Paper
12 December 2006 Cross-calibration of the Landsat-7 ETM+ and Landsat-5 TM with the ResourceSat-1 (IRS-P6) AWiFS and LISS-III sensors
Gyanesh Chander, Pat L. Scaramuzza
Author Affiliations +
Proceedings Volume 6407, GEOSS and Next-Generation Sensors and Missions; 64070E (2006) https://doi.org/10.1117/12.693742
Event: SPIE Asia-Pacific Remote Sensing, 2006, Goa, India
Abstract
Increasingly, data from multiple sensors are used to gain a more complete understanding of land surface processes at a variety of scales. The Landsat suite of satellites has collected the longest continuous archive of multispectral data. The ResourceSat-1 Satellite (also called as IRS-P6) was launched into the polar sun-synchronous orbit on Oct 17, 2003. It carries three remote sensing sensors: the High Resolution Linear Imaging Self-Scanner (LISS-IV), Medium Resolution Linear Imaging Self-Scanner (LISS-III), and the Advanced Wide Field Sensor (AWiFS). These three sensors are used together to provide images with different resolution and coverage.

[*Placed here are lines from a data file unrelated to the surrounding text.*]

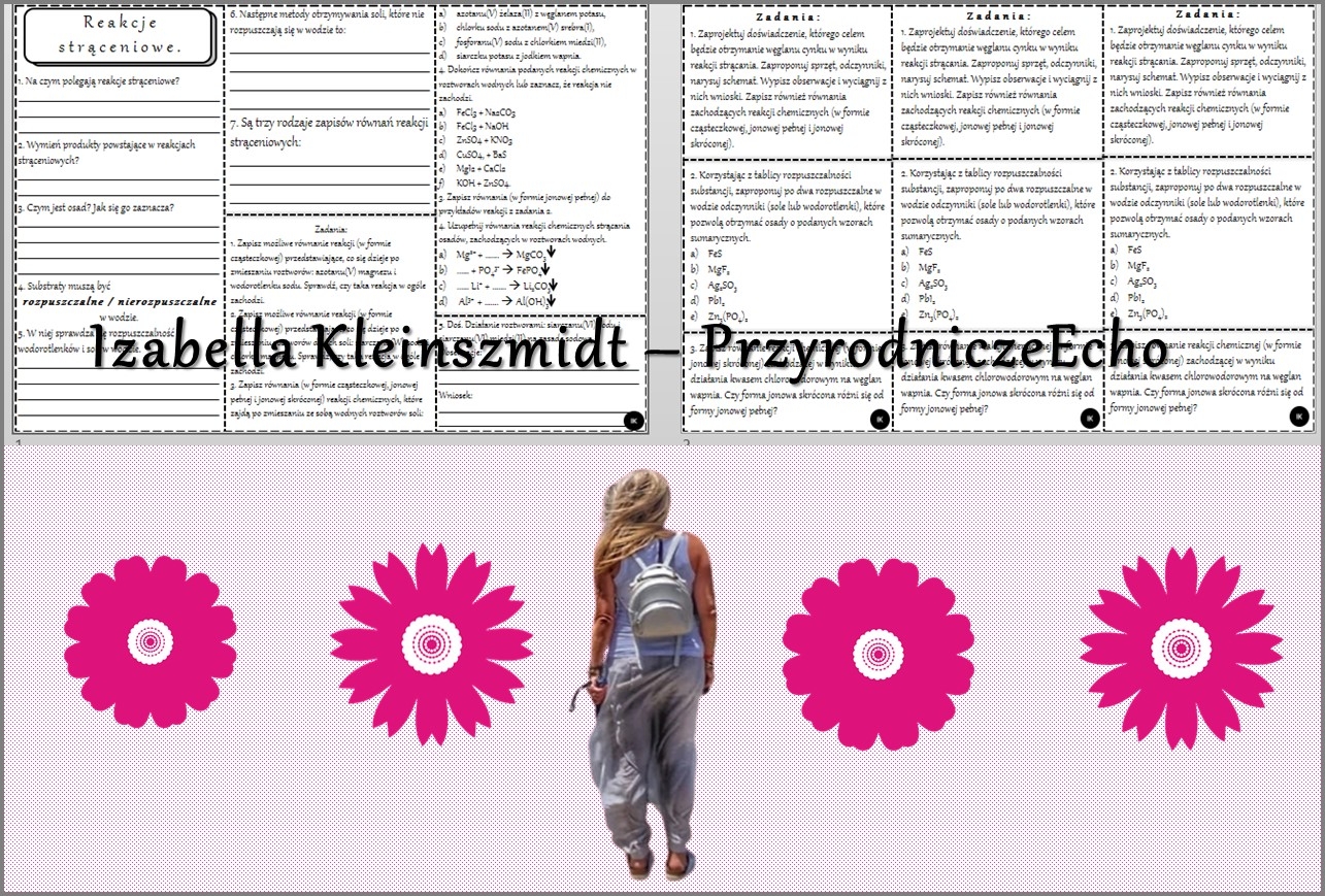 Witajcie Nazywam się Izabella Kleinszmidt (PrzyrodniczeEcho). Jestem nauczycielem przyrody, biologii, geografii i chemii w szkole podstawowej w Pomysku Wielkim. Uwielbiam mój zawód i cieszę się, że robię w życiu to co kocham. Pasja dla nauczyciela jest bardzo ważna:). Prowadzę stronę PrzyrodniczeEcho na FB, nagrywam filmiki do lekcji, konstruuję prezentacje i lekcje multimedialne, escape roomy oraz sketchnotki i karty pracy w programie power point. Zapraszam na stronę internetową mojej szkoły, gdzie znajdują się (niektóre darmowe) opracowania lekcji do przyrody, biologii, geografii i chemii w SP. Adres strony internetowej: https://sppomyskwielki.edu.pl - zakładka - dla ucznia. Od niedawna zapraszam również na moją stronę internetową: https://ikleinszmidt.wixsite.com/przyrodniczeecho Zapraszam do korzystania z mojej pracy:) Bardzo proszę również czytać opisy, aby wiedzieć, jaki materiał znajduje się w danym pliku. Zachęcam do kontaktu w razie jakichś pytań lub błędów w pomocach - brakach lub literówkach-wszystko można naprawić? Jakich materiałów możecie Państwo oczekiwać? SKETCHNOTKA - notatka kompletna z określonego tematu KARTA PRACY - zazwyczaj sketchnotka z wykropkowanymi miejscami PREZENTACJA MULTIMEDIALNA - kompletne wiadomości do odpowiedniego tematu wraz z grafiką i tekstem - zarówno w power point jak i genially - tę koniecznie należy zapisać na swoim koncie! LEKCJA MULTIMEDIALNA - pomysł na przeprowadzenie lekcji - taki "tok lekcji" - skrócony scenariusz ZESTAWY - proszę się wczytać w opis, informuję co mieści się w konkretnym zestawie:) Pozdrawiam cieplutko:)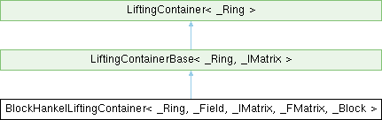Inheritance diagram for BlockHankelLiftingContainer< _Ring, _Field, _IMatrix, _FMatrix, _Block >:Public Types | |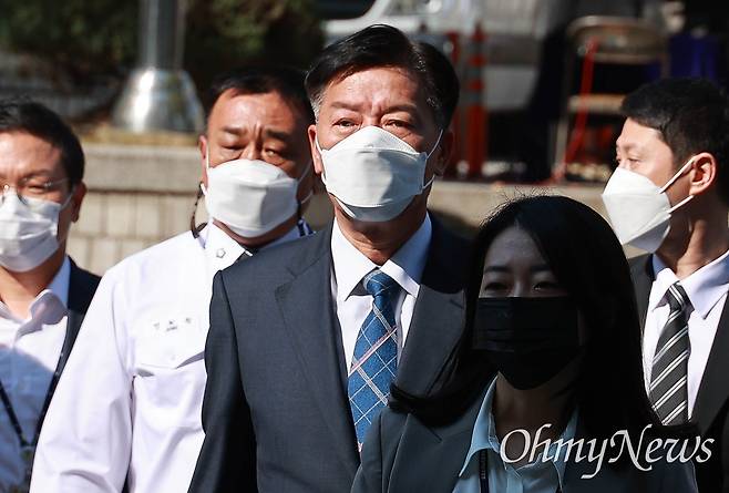 | ▲ 김홍희 전 해양경찰청장이 21일 오후 서울중앙지법에서 ‘서해 공무원 피격 사건’ 관련 직권남용, 허위 공문서 작성 혐의로 영장실질심사를 받기 위해 도착하고 있다. |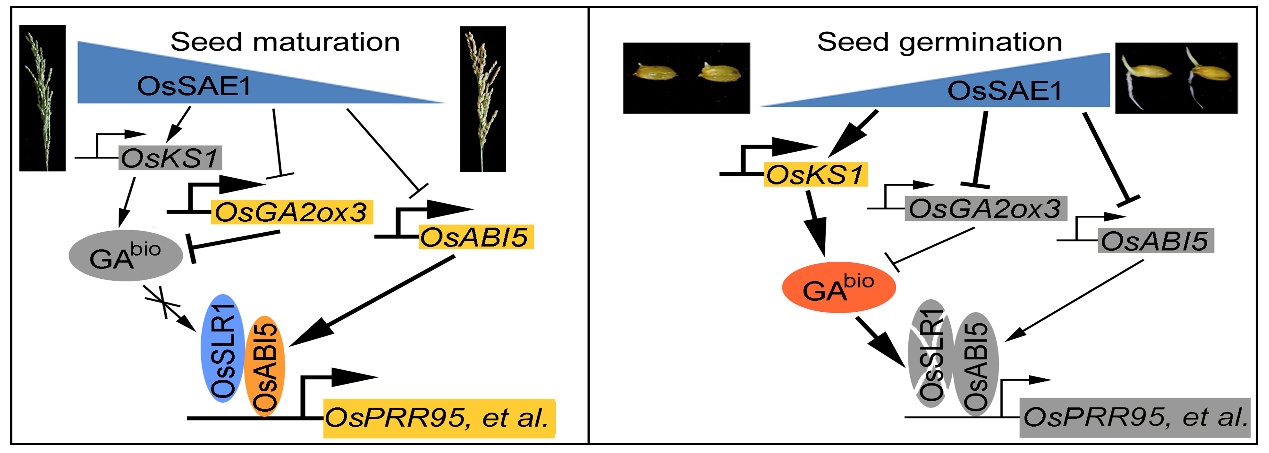 Recently, the research group of Dr. Hua Qin and Prof. Rongfeng Huang from Biotechnology Research Institute, Chinese Academy of Agricultural Sciences has revealed a novel mechanism of rice seed germination controlled by AP2/ERF transcription factor OsSAE1. The results are published on Journal of Integrative Plant Biology with the title of “OsSAE1 orchestrates the antagonistical regulation of gibberellin and abscisic acid signaling to control rice seed germination”.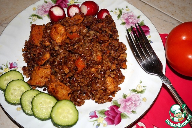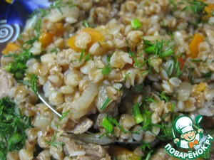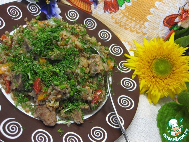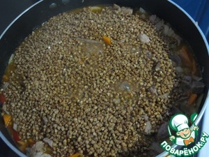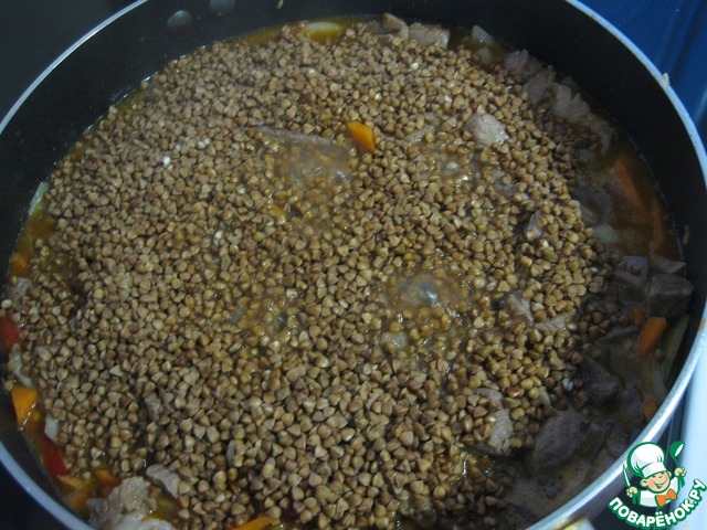 Наливаем немного воды и тушим под крышкой минут 5-10, затем засыпаем гречку, доливаем еще воды столько, чтобы примерно на палец закрыть гречку, и томим на среднем огне минут 20-25 (если у вас маленькая сковорода, то мясо с овощами нужно переложить в кастрюлю с толстым дном и там продолжить приготовление каши)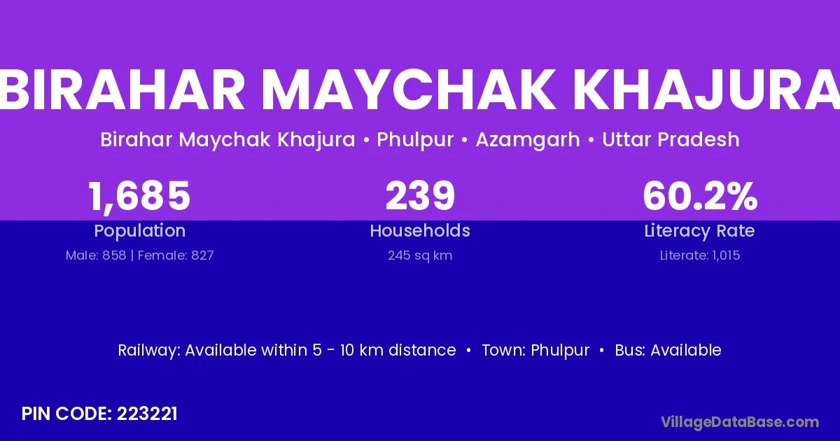Birahar Maychak Khajura village has a total population of 1,685 people, of which 858 are males and 827 are females.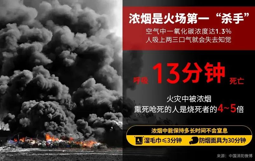 有毒浓烟、能见度低,加上高层住宅无法快速逃离,使得电缆井引起的火灾极易造成人员伤亡。 在火场中,致人死亡的最大威胁往往不是灼烧和高温,而是浓烟。相关数据表示,火灾中80%的死亡是由吸入毒性固体颗粒物与毒性气体造成。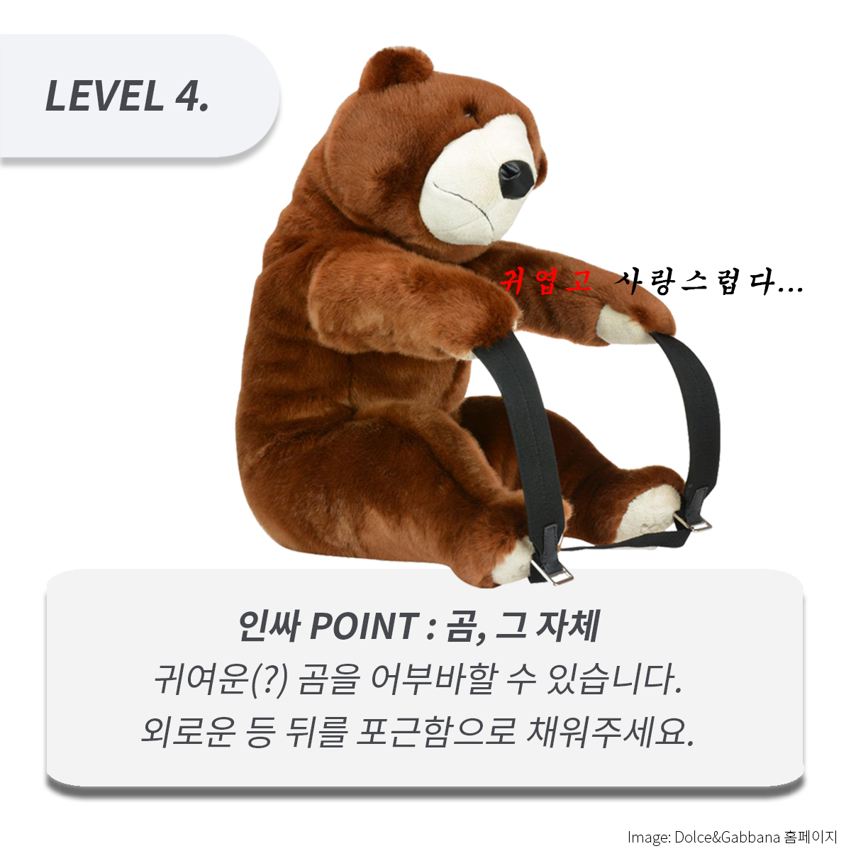 레벨 4에 도달하셨습니다. 그런데, 등 뒤에 왠 곰인형이냐고요?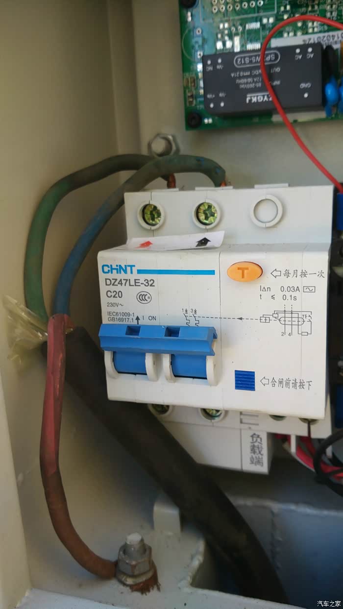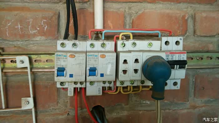 漏电保护器特写,最左面的是电动车的黑线入,红线出,右边的车座我用来冲自行车,各种省。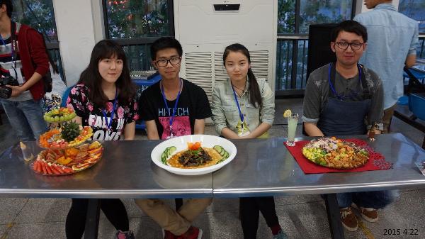 22日小组赛中,我系参赛者积极配合,共同完成了水果拼盘“花花皇宫”、主菜“亚特兰蒂斯”及配菜豆角烧茄子,以85.6分获小组赛第一的成绩成功晋级。24日总决赛中,选手们潜心研究、精心准备,三层华丽的水果拼盘,由泰式咖喱虾、黄金鱿鱼卷、炭烧鱿鱼须和鱼子酱组成了“四海一家”,由菲力牛排和龙利鱼柳组成“海陆双拼”更是创意十足。“切煮炒炸样样全,色香味美个个鲜”,在品尝过程中老师和员工代表赞不绝口,大家的努力得到了评委们的一致认可,这是对选手们最大的鼓励。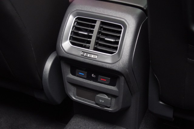 後座不只有出風口,還有獨立按鍵跟螢幕顯示溫度,只是一輛Tiguan居然有這種配備,很強,還以為是坐在豪華品牌車裡,底下還有一個12v車充,換USB插槽好像比較好?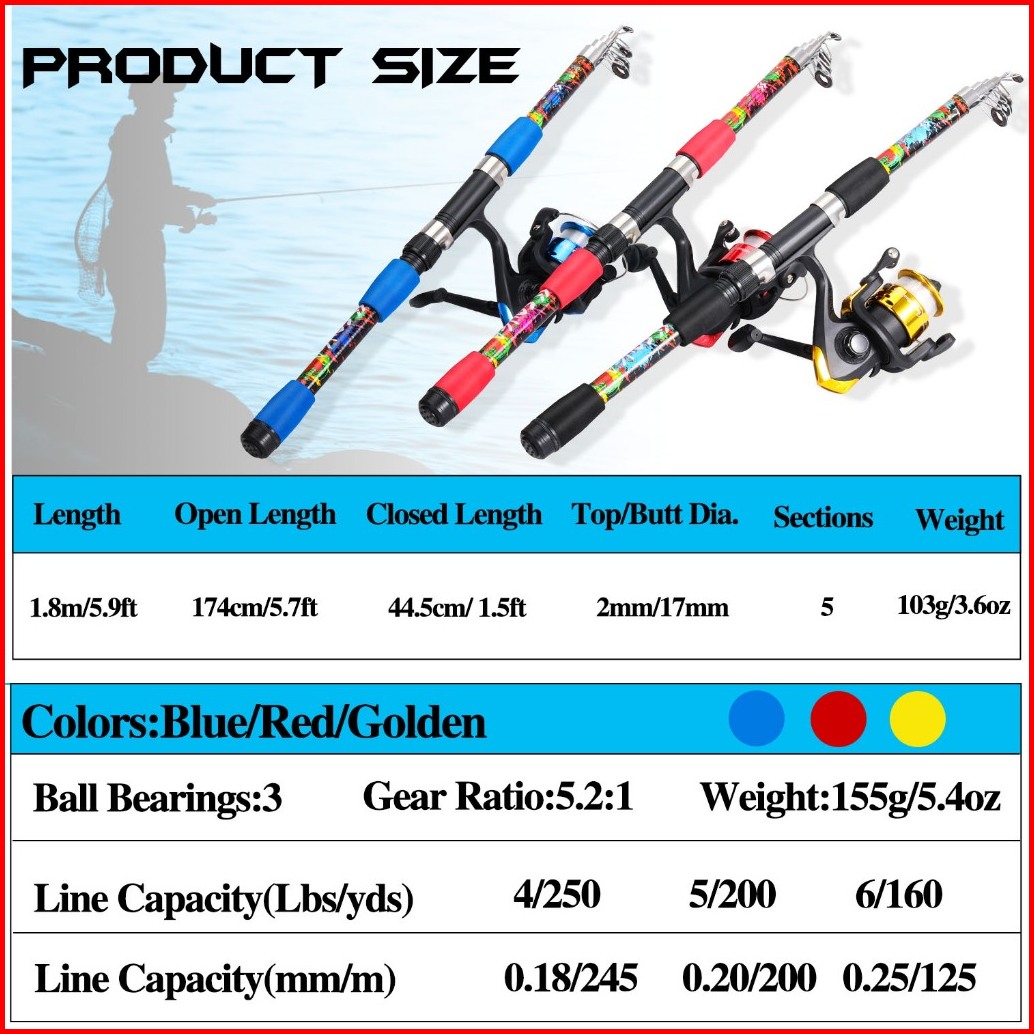 Sougayilang Pancing Set 3 Warna Joran Pancing 1 8m Set Yang Ditingkatkan Gulungan 3bb Daya Tarik Maksimum 6kg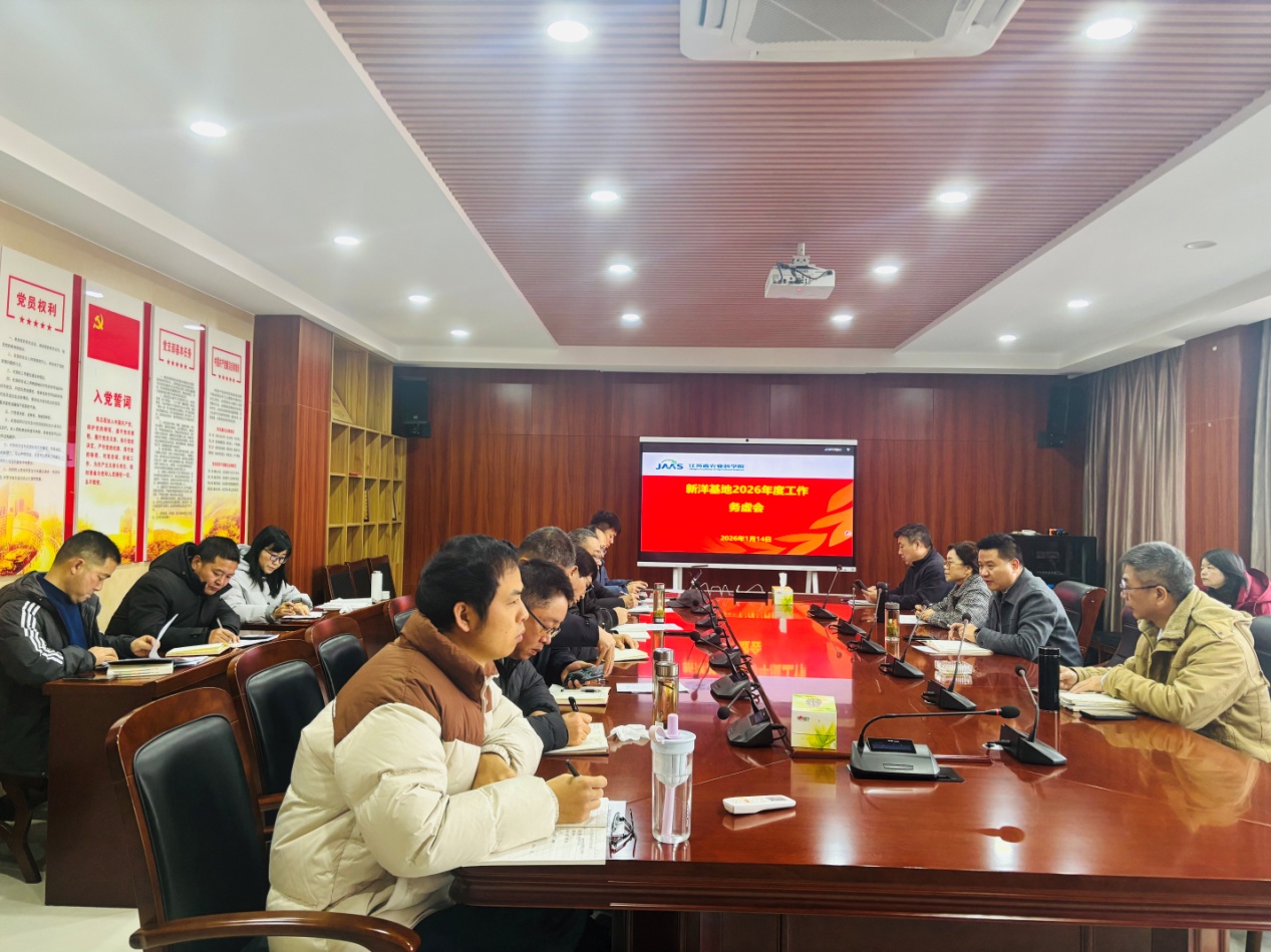 为精准锚定2026年发展方向,系统擘画年度工作蓝图,切实扛起“十五五”规划开局起步的使命担当,1月14日,新洋基地召开2026年工作务虚会。会议由党支部书记吴长付主持,基地领导班子及中层干部齐聚一堂,紧扣农业科研主责主业共商发展大计、凝聚奋进共识。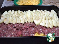 Описание: Рецепт этого блюда родился из чувства протеста. Так вышло, что в моей семье никто, кроме меня, не любит мясо по-французски в традиционном варианте: когда нарезанное тонкими ломтиками мясо укладывается на так же нарезанный картофель. Жена и теща предпочитают, чтобы я готовил это блюдо из мясного фарша. Желательно, чтобы и картошка была натерта на терке, а не порезана. Картошку я отстоял, а вот мясо не удалось. Пришлось делать из мясного фарша.
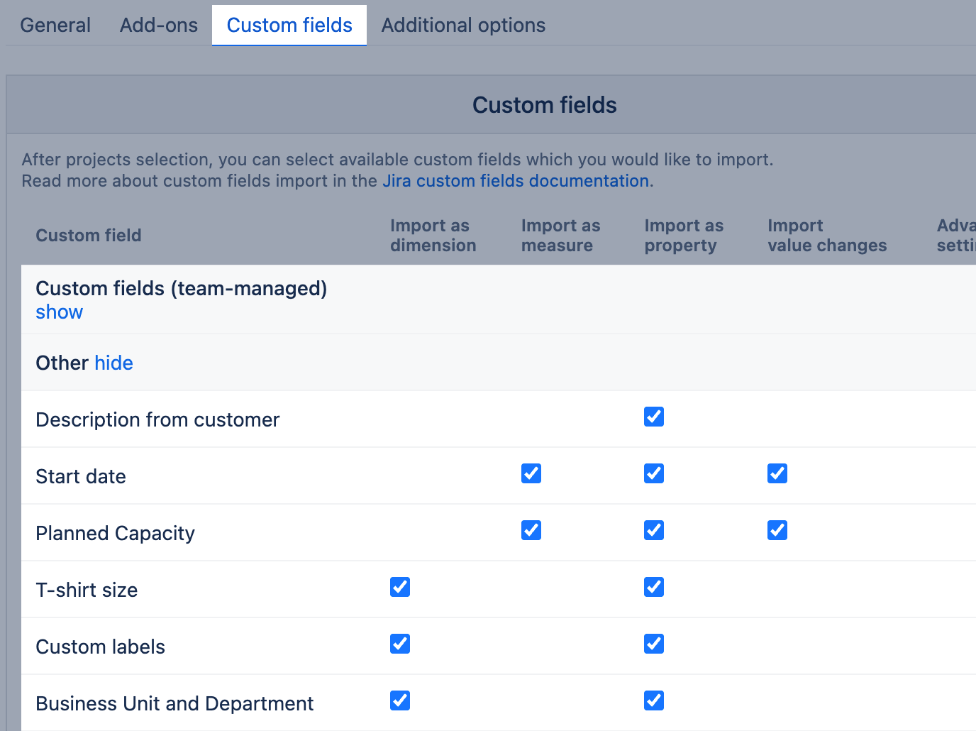 - Custom fields from Jira apps with eazyBI integrations are listed in the Add-ons tab on the import options page.

To understand the absolute radiometric calibration accuracy of IRS-P6 AWiFS and LISS-III sensors, image pairs from these sensors were compared to the Landsat-5 TM and Landsat-7 ETM+ sensors. The approach involved the calibration of nearly simultaneous surface observations based on image statistics from areas observed simultaneously by the two sensors.
© (2006) COPYRIGHT Society of Photo-Optical Instrumentation Engineers (SPIE). Downloading of the abstract is permitted for personal use only.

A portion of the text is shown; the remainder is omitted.